*Work task*
Word for word, set down the records and skip each picture.

*Available data*
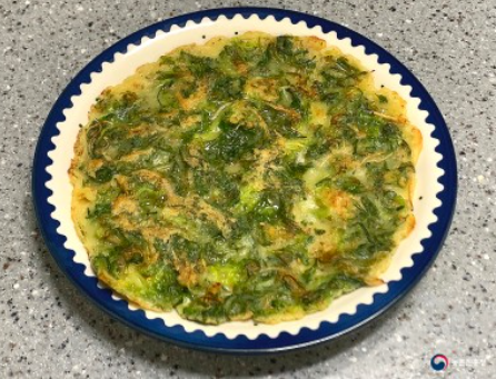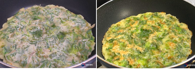 4. 프라이팬에 그름을 두르고 냉이전 반죽을 얇게 펴 천천히 익혀줍니다. 반죽 색깔이 전체적으로 변했을 때 뒤집개를 이용해 뒤집어 줍니다.
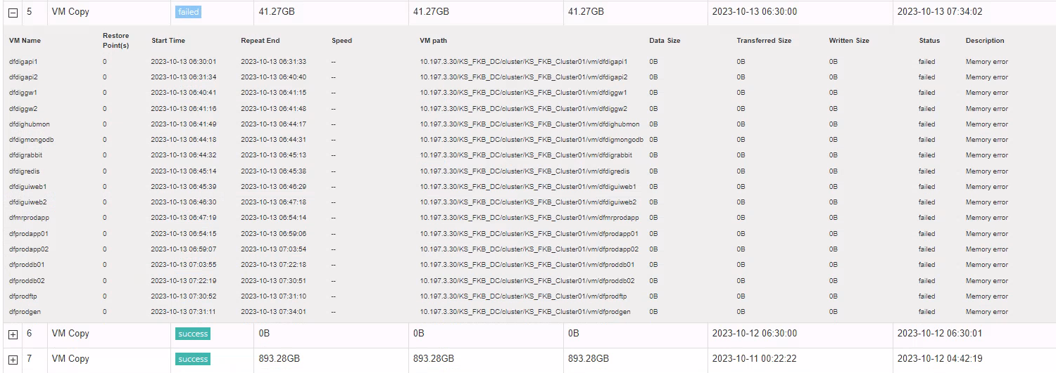 During cross-site DR replica synchronization, the task fails consistently. The backup management page displays a "Memory Error". The attached screenshot shows the detailed log.
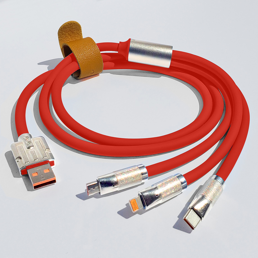 Three interchangeable charging tips that are compatible with any phone, this cable ensures convenient charging for everyone. Its heavy-duty design guarantees long-lasting durability, capable of withstanding the demands of daily use. Crafted from a soft yet resilient material, it offers both flexibility and strength. Heavy duty tangle free cable
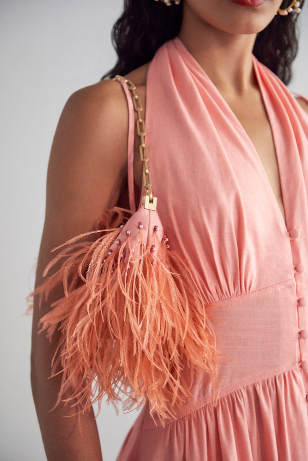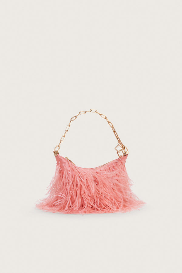 Fit NotesTop zipper closure Gold non-detachable handle strap Microsuede interior lining Satin base Fits large phone, wallet, keys, accessories Composition and Care6.5" x 9.84" Body: 100% Polyester Trim: 100% Ostrich Feather |
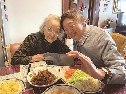 冯骥才陪妈妈吃寿面,自拍留影

*Exercise answer*
 4. 프라이팬에 그름을 두르고 냉이전 반죽을 얇게 펴 천천히 익혀줍니다. 반죽 색깔이 전체적으로 변했을 때 뒤집개를 이용해 뒤집어 줍니다.
 During cross-site DR replica synchronization, the task fails consistently. The backup management page displays a "Memory Error". The attached screenshot shows the detailed log.
 Three interchangeable charging tips that are compatible with any phone, this cable ensures convenient charging for everyone. Its heavy-duty design guarantees long-lasting durability, capable of withstanding the demands of daily use. Crafted from a soft yet resilient material, it offers both flexibility and strength. Heavy duty tangle free cable
 Fit NotesTop zipper closure Gold non-detachable handle strap Microsuede interior lining Satin base Fits large phone, wallet, keys, accessories Composition and Care6.5" x 9.84" Body: 100% Polyester Trim: 100% Ostrich Feather |
 冯骥才陪妈妈吃寿面,自拍留影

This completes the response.